Might be? I think it is certainly overkill! This approach is only useful if the number combined milliseconds to create the index is < the number of milliseconds to perform direct record references for all the lookups. This is actually pretty easy to measure but to save readers some time - a hash index will almost always win.
Jan 21, 2021 12:07 PM
I think we are getting in the weeds here, but sometimes that’s fun.
I decided to point out the difference because someone new to coding who tries to google “hash table” for the topic at hand will get better search results versus googling “JSON hash index”.
Let me clarify, the filterByFormula
concept that exists in the REST API does not exist in the Scripting API. Yes, a script can use filterByFormula
when calling the REST API, but even in this case, filterByFormula
is still a feature of the REST API, and not of the scripting api. There are lots of APIs out that that scripting can access. I would not call features in an api that a script interacts with a feature of the scripting platform itself.
Sometimes you might need to find a single value that is not a value stored in a cell. If you wanted to find out the value that occurs most frequently in the data set, a hash index would the way to go, even though you want a single value. Or someone new to coding might be adapting existing code with a hash index already in place because it is already written and he doesn’t fully understand the system yet.
Jan 21, 2021 12:35 PM
Yes, we are in the weeds.
Indeed. This is why I didn’t refer to it as such. I simply made the observation that there are three ways to access the data from a Script block and the REST API - while one such possible pathway - is not typically a good idea. But it is a pathway and it may be the only pathway if your script block needs to build a hash index from a table in a far off base, right?
Jan 21, 2021 07:47 PM
Another use case is when records in a table need to be updated by the script because it affects later iterations in a loop, but you don’t want to wait for a) the record to update, and then b) the full record list to query again.
I just finished coding this type of setup for a client. Long story short, it involves matching people in two groups: Group A and Group B. The As can only match to a single B, while the Bs can accept multiple matching As. However, each B can only accept limited number of matches, and the threshold is different for each B. In the table for the Bs, the count of matched As is handled by a count field targeting links to A records. Because part of the matching process includes finding all Bs who haven’t hit their match threshold, it would have added a massive delay to the main loop if I were to link an A to a B, then requery all the Bs again to get the change from the count field before trying to match the next A with the remaining available Bs. Instead, I built a hash index of all the relevant data for the Bs and manually updated each B’s count in that index after a match was made. That made the matching process incredibly fast.
Jan 22, 2021 02:33 AM
Brilliant! I have used hash indices from time-to-time as a way to urgently shape a virtualized data reality in advance of the physical storage catching up. This makes it possible to perform earlier alerting, for example, long before other business logic is able to see the data pattern through queries.
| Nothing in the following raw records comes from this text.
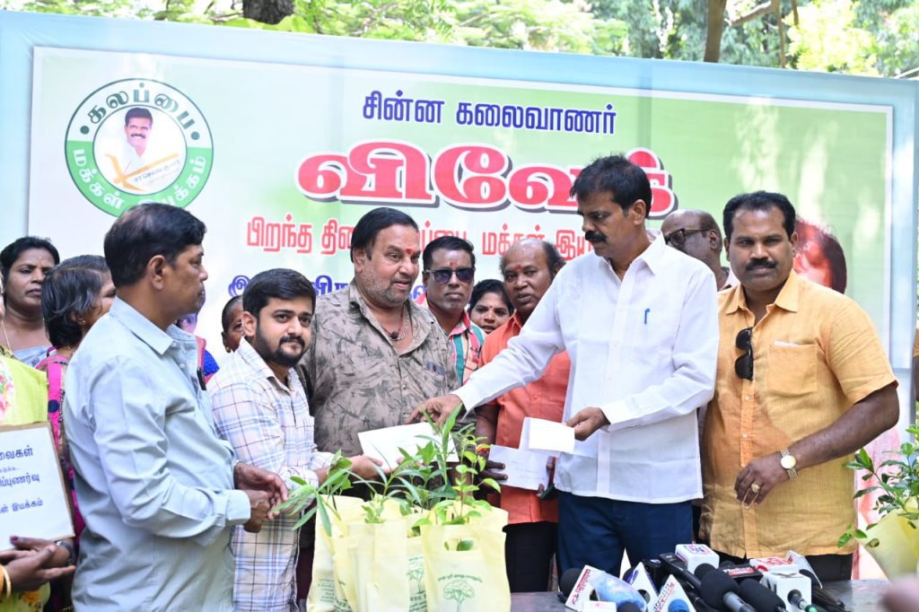நடிகர் விவேக்கின் சமூக சேவைகளில் மரக்கன்று நடுவது முதன்மையானதாக இருந்தது. அதை நினைவுகூறும் விதமாக இன்று நடந்த நிகழ்வில் பலருக்கும் மரக்கன்றுகள் வழங்கப்பட்டன.
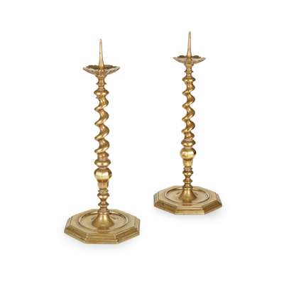 PAIR OF BRASS TWIST PRICKET CANDLESTICKS
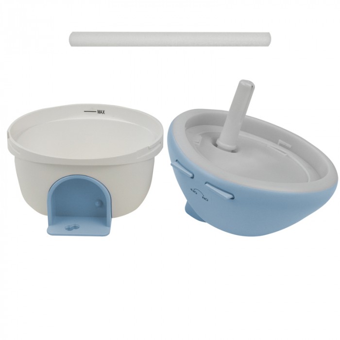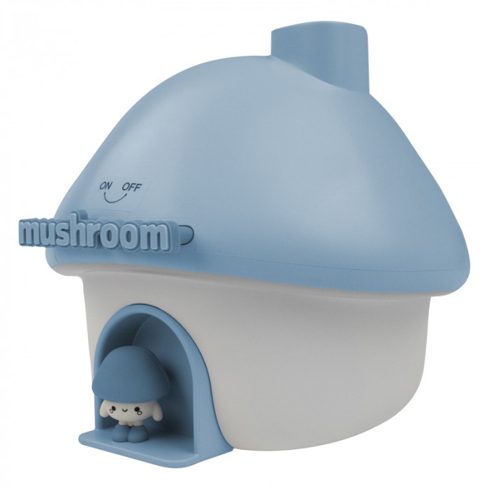 Uroczy niebieski grzybek, który z jednej strony działa jak mały nawilżacz, a z drugiej mieni się delikatnym światłem LED. Tworzy mgiełkę, która nawilża powietrze w pokoju dziecka, a dzięki kolorowym diodom można ustawić ciepłe lub tęczowe światło. Ma ładowanie przez USB-C oraz akumulator, więc można go postawić gdziekolwiek bez połączenia z gniazdkiem. Idealny kompan na wieczorne opowieści i spokojny sen.
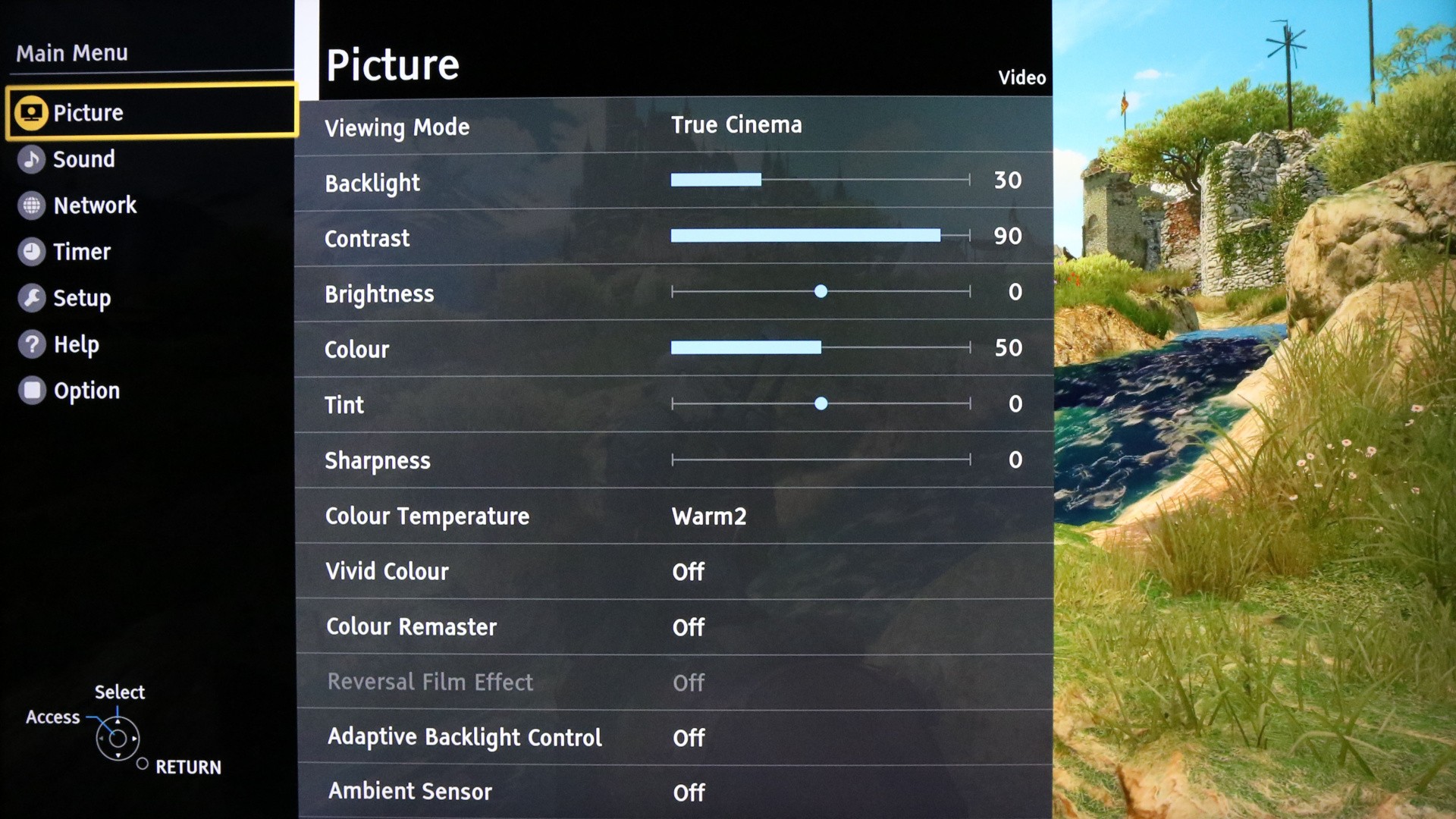 Titles such as Forza Horizon 3 and Uncharted 4 features plenty of pop while remaining accurate to the developer's vision, with nicely saturated colours and a solid level of depth. More importantly, controls feel responsive on the DX750 with 60fps shooters and fighting games feeling good to play. Using the Leo Bodner Lag Tester input latency came in at 41ms in game mode (using True Cinema preset), which provides a very good experience with only a mild delay in controller response. Compared to the brisk 19ms on the Samsung KU6400, it's possible to feel the increased latency, but games never come close to feeling heavy or compromised.

Lately I’ve been on a performance tear - not sure what’s driving this, but I think clients are increasingly asking for data-sciency approaches in operational requirements. Thier data, of course, is growing for all of them and techniques like this will only become more important I think.
I’ve become so performance-biased that I recently switched to anklet socks to shave off about 3.5 seconds per foot dressing in the morning.